An Online Introduction

to Advanced Biology


Terms and Concepts




Chemistry:  From DNA Code to the Proteins that Make Traits







DNA is the molecule that carries genetic information, which turns out to be in the form of codes that can be translated into protein sequences, but of course its much more complicated than that.  As mentioned in the previous section, much of the DNA that organisms carry is not coding sequences at all, but apparently serves other, largely unknown functions.   The coding sequences, the genes, are not all separate, but are strung with non-coding stretches on chromosomes.  Attaching many genes on the same chromosome makes it possible for living cells to reproduce and get the entirety of genes, a copy each of all the DNA bits, into each of the two daughter cells by moving a manageable number of pieces.

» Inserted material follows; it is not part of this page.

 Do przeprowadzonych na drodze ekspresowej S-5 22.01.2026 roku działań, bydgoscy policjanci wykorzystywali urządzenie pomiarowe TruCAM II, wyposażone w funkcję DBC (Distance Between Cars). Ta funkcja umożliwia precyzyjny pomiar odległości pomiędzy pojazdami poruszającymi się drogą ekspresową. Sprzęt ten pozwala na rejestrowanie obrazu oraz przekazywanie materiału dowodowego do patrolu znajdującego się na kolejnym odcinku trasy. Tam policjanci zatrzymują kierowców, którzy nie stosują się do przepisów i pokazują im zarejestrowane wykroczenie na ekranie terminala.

In organisms that reproduce sexually, chromosomes are "mixed" (recombination) during sex - in order for all gene-based traits to be affected, each chromosome source must have two of each gene (when versions are different, theyre called alleles), carried on "matching" chromosomes, called homologous (Latin for "same information") chromosomes.  Each member of a set has a 50 - 50 chance of being passed along to each offspring, producing offspring with a very different chromosome complement than the parent and that all-important-for-evolution variety within the group.  Homologous chromosomes are found in most eukaryotes, so it turns out that, technically, when we discuss gene expression, the reading (transcription) and conversion-to-protein (translation), it is to be understood that this happens twice each time for most genes being expressed in a cell.

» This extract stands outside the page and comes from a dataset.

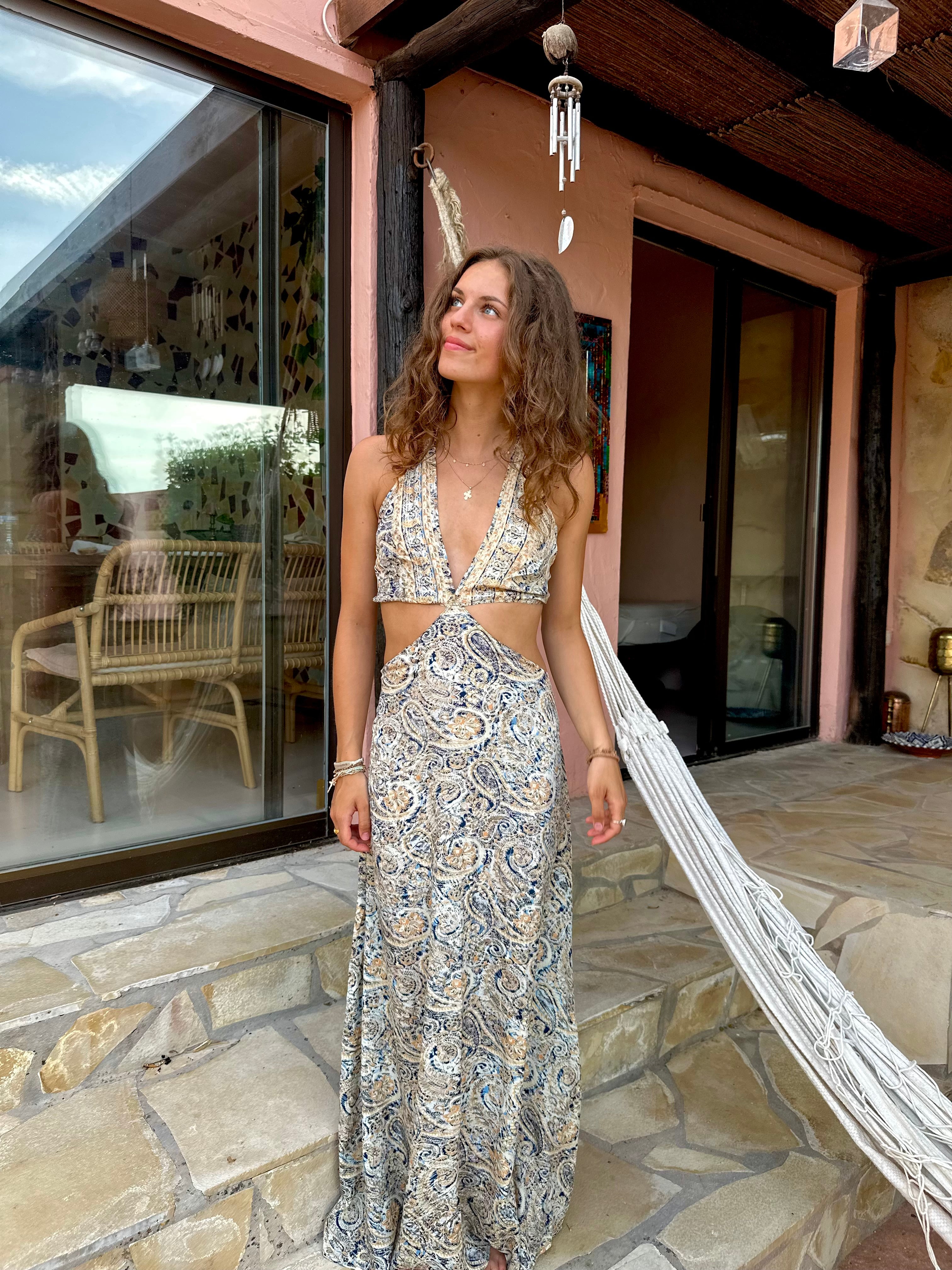 Mid-Cut Dress Yara (with gold foil) - Goldy + Yellow

In preparation of cell reproduction, a copy of the existing DNA must be made, a process called replication, which will be covered in detail a bit later.  Once copies have been made, they have to be distributed properly to the new cells - this is when it matters how many bits of DNA there are.  If every one of the hundreds to tens of thousands of genes were copied and separated individually, the task would be extremely complicated, which is probably why many genes are stuck together on chromosomes.  The fewer separate molecules there are, the easier it will be to distribute copies properly.  However, if the number of molecules is quite low, then sexual recombination will produce very limited variety.

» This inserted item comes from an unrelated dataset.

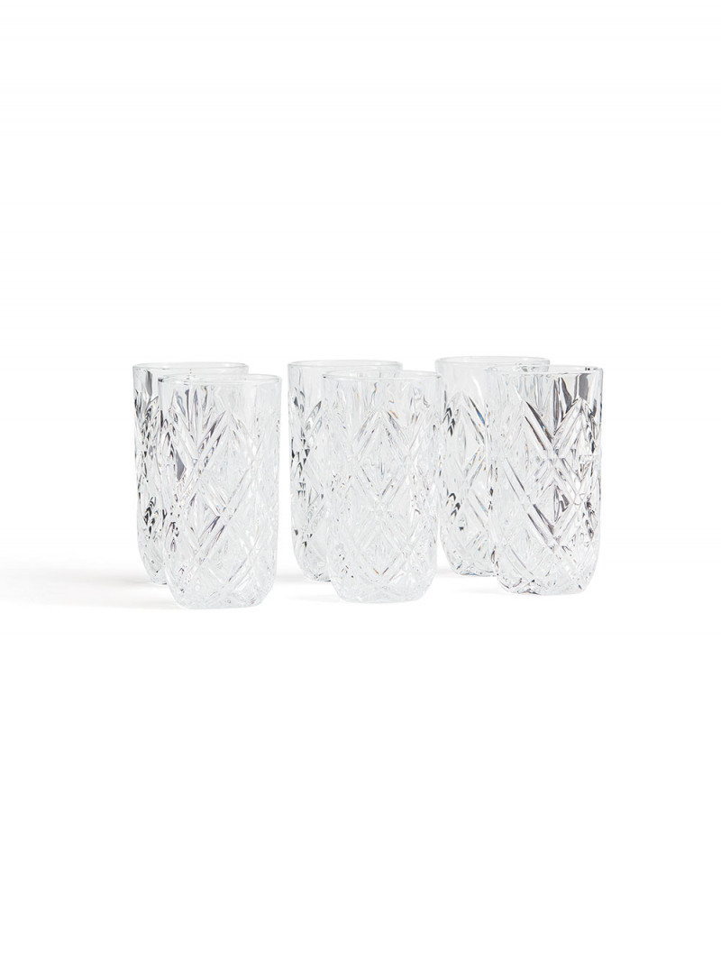 Kuusi trendikästä highball lasia. Hienot konepesun kestävät lasit juhlaan ja arkeen. Koko: 14x7 cm. Pakattu lahjalaatikkoon.

Chromosome number is the typical number a particular species of organism carries in a typical cell - in humans the number is 46, made up of 23 pairs of chromosomes.  Because of homologous pairs, most chromosome numbers are even numbers.  High numbers present difficulties during cell division - more copies to keep track of while sets are separated out.  Numbers in some species may be low, as few as 4, which would produce less variation in offspring.  Since evolution depends upon variation, one might think that organisms with low numbers might live in very stable microenvironments, or have high natural adaptability.  However, in monoecious organisms that can self-fertilize, low numbers allow a quasi-asexual mode, since a decent proportion of offspring would get the same chromosome mix as the parent.  Variation plus copying ability would be very useful in unstable or challenging environments.  Particular species have not only particular chromosome numbers, but that number is made of of unique combinations of chromosome types - long, short, fat, thin, connecting in different spots, etc. - that altogether is called a karyotype.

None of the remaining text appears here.